- Exercise objective -
Each line below should be retyped exactly, with no pictures.

- Data for the task -
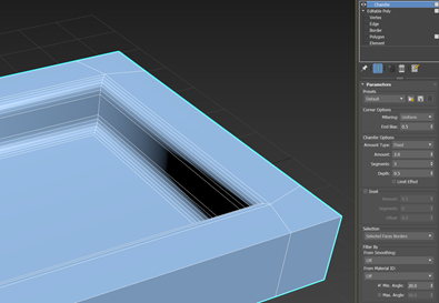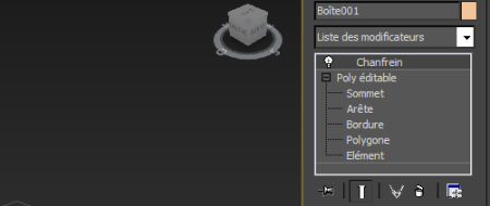 Remarque : 3ds Max propose plusieurs méthodes permettant d'obtenir le même résultat, mais celle-ci est recommandée pour examiner les options du modificateur Chanfrein.
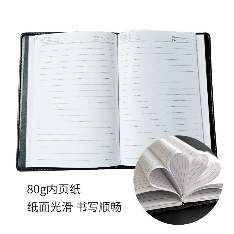 笔记本加厚仿皮面商务记事本加厚办公会议B5笔记本黑皮日记本子
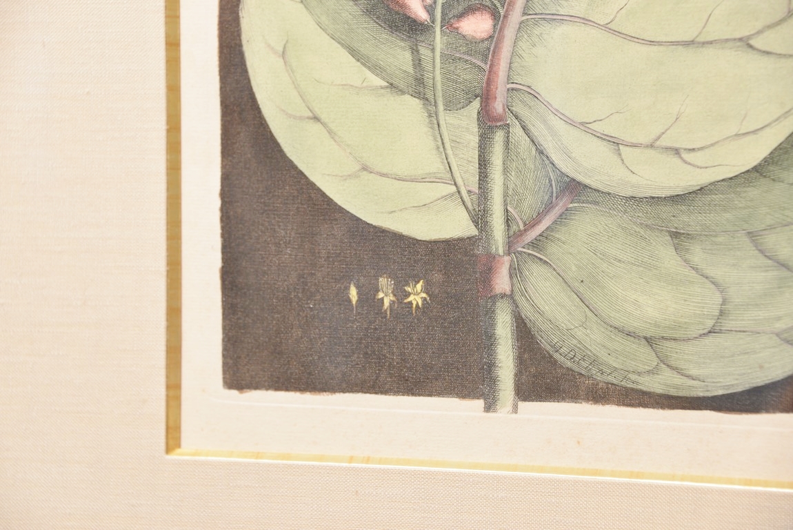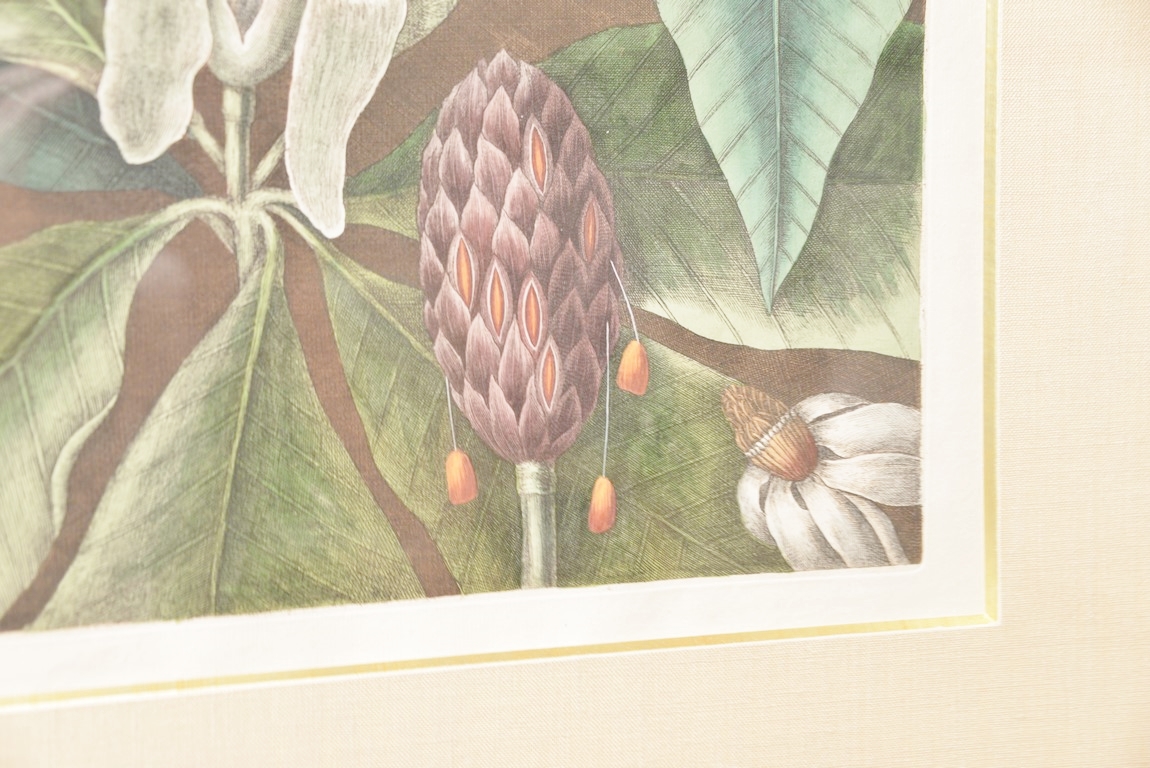 Lot 453: Mark Catesby 1679-1749 pair of hand colored copper plate engravings The Umbrella Tree, Magnolia, Ampliffimo Flore Albo P…
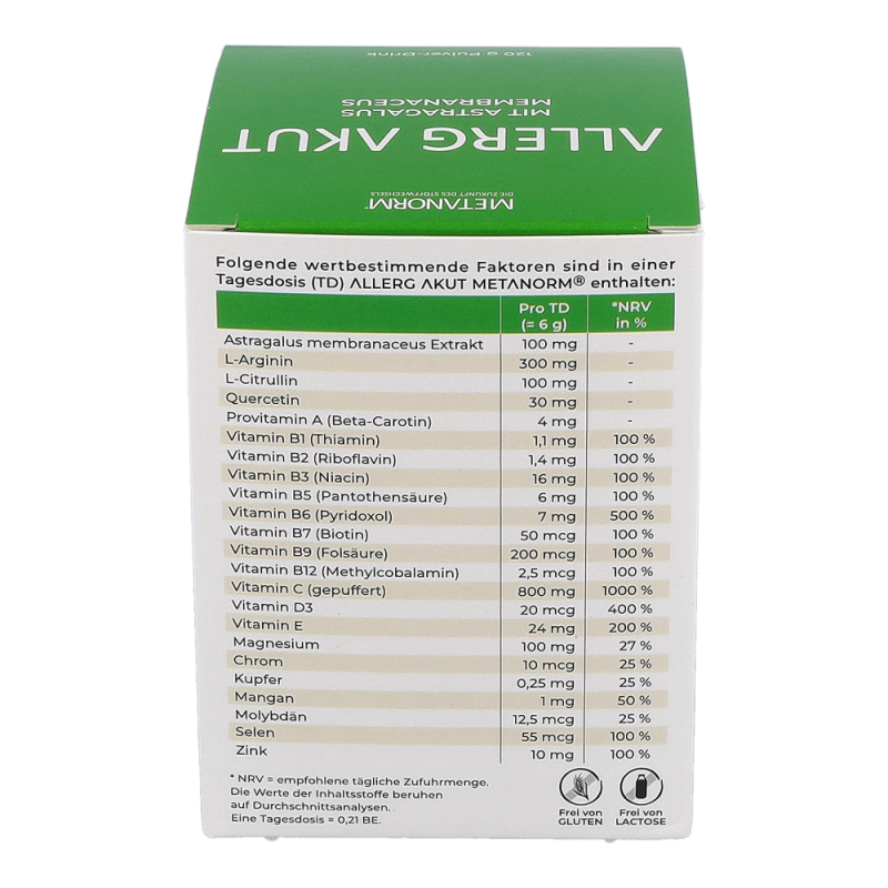 Folgende wertbestimmende Faktoren sind in einer Tagesdosis (TD) ALLERG AKUT METANORM® enthalten:
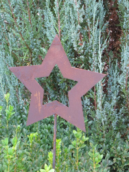 Edelrost Gartenstecker Stern offen, breite Ausführung Ein toller Stern für die Weihnachtszeit, hier in breiter Ausführung. Ein schönes Accessoire für Garten Balkon und Terrasse. Größe: Höhe: ca. 90 cm inkl. Stab Breite: 25 cm Deutsche Qualitätsarbeit, hergestellt in Handarbeit
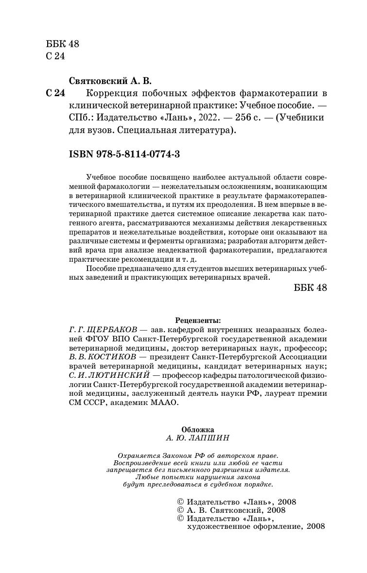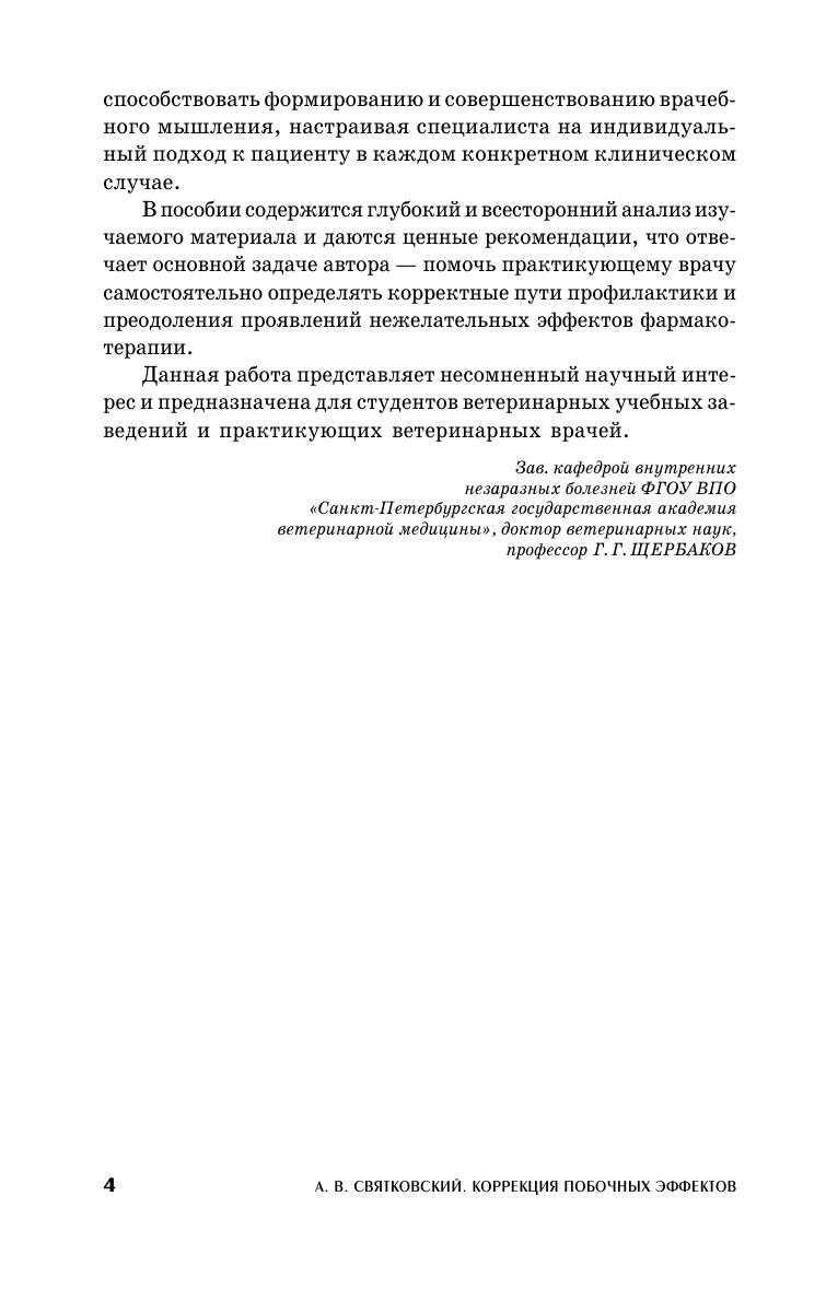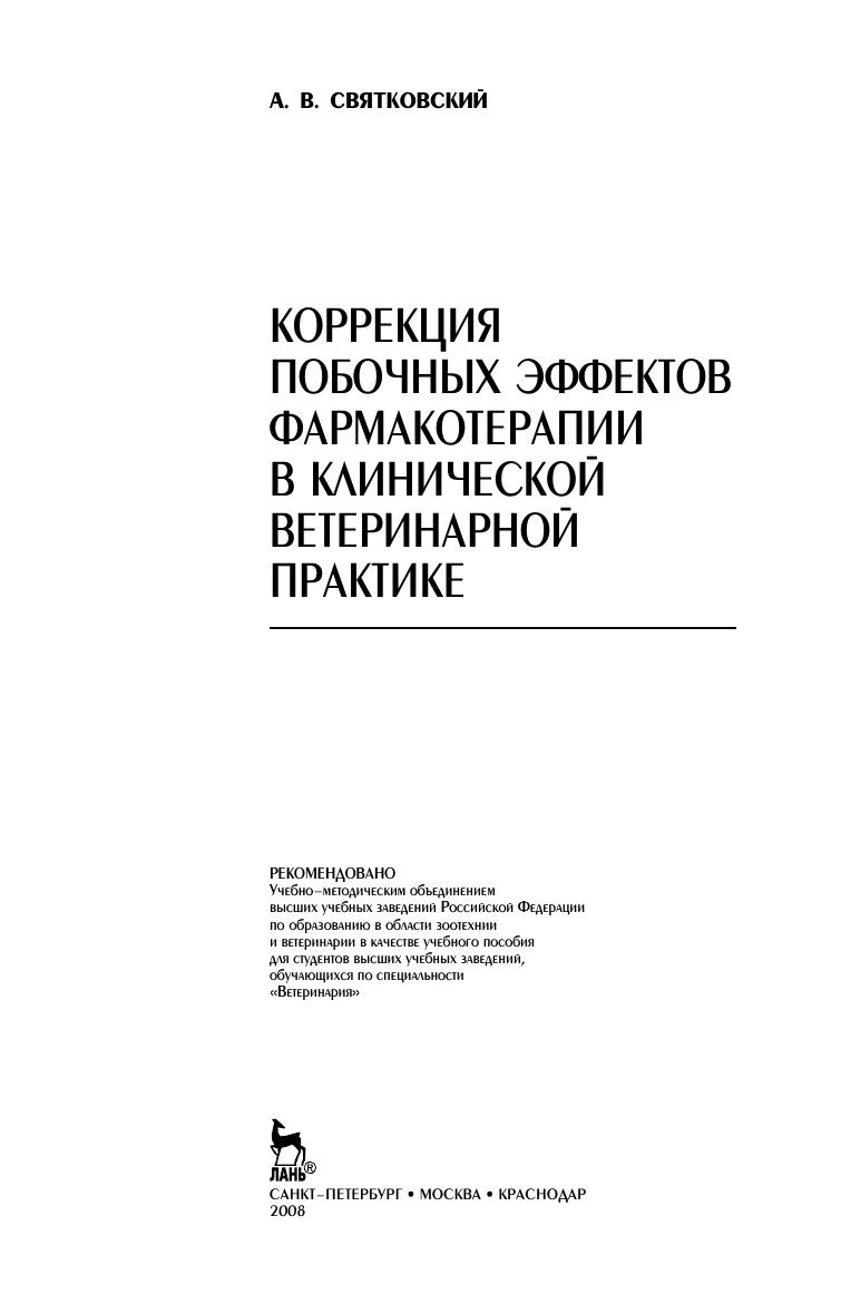 Учебное пособие посвящено наиболее актуальной области современной фармакологии — нежелательным осложнениям, возникающим в ветеринарной клинической практике в результате фармакотерапевтического вмешательства, и путям их преодоления. В нем впервые в ветеринарной практике дается системное описание лекарства как патогенного агента, рассматриваются механизмы действия лекарственных препаратов и нежелательные воздействия, которые они оказывают на различные системы и ферменты организма, разработан алгоритм действий врача при анализе неадекватной фармакотерапии, предлагаются практические рекомендации и т. д. Пособие предназначено для студентов высших ветеринарных учебных заведений и практикующих ветеринарных врачей.

- Exercise answer -
 Remarque : 3ds Max propose plusieurs méthodes permettant d'obtenir le même résultat, mais celle-ci est recommandée pour examiner les options du modificateur Chanfrein.
 笔记本加厚仿皮面商务记事本加厚办公会议B5笔记本黑皮日记本子
 Lot 453: Mark Catesby 1679-1749 pair of hand colored copper plate engravings The Umbrella Tree, Magnolia, Ampliffimo Flore Albo P…
 Folgende wertbestimmende Faktoren sind in einer Tagesdosis (TD) ALLERG AKUT METANORM® enthalten:
 Edelrost Gartenstecker Stern offen, breite Ausführung Ein toller Stern für die Weihnachtszeit, hier in breiter Ausführung. Ein schönes Accessoire für Garten Balkon und Terrasse. Größe: Höhe: ca. 90 cm inkl. Stab Breite: 25 cm Deutsche Qualitätsarbeit, hergestellt in Handarbeit
 Учебное пособие посвящено наиболее актуальной области современной фармакологии — нежелательным осложнениям, возникающим в ветеринарной клинической практике в результате фармакотерапевтического вмешательства, и путям их преодоления. В нем впервые в ветеринарной практике дается системное описание лекарства как патогенного агента, рассматриваются механизмы действия лекарственных препаратов и нежелательные воздействия, которые они оказывают на различные системы и ферменты организма, разработан алгоритм действий врача при анализе неадекватной фармакотерапии, предлагаются практические рекомендации и т. д. Пособие предназначено для студентов высших ветеринарных учебных заведений и практикующих ветеринарных врачей.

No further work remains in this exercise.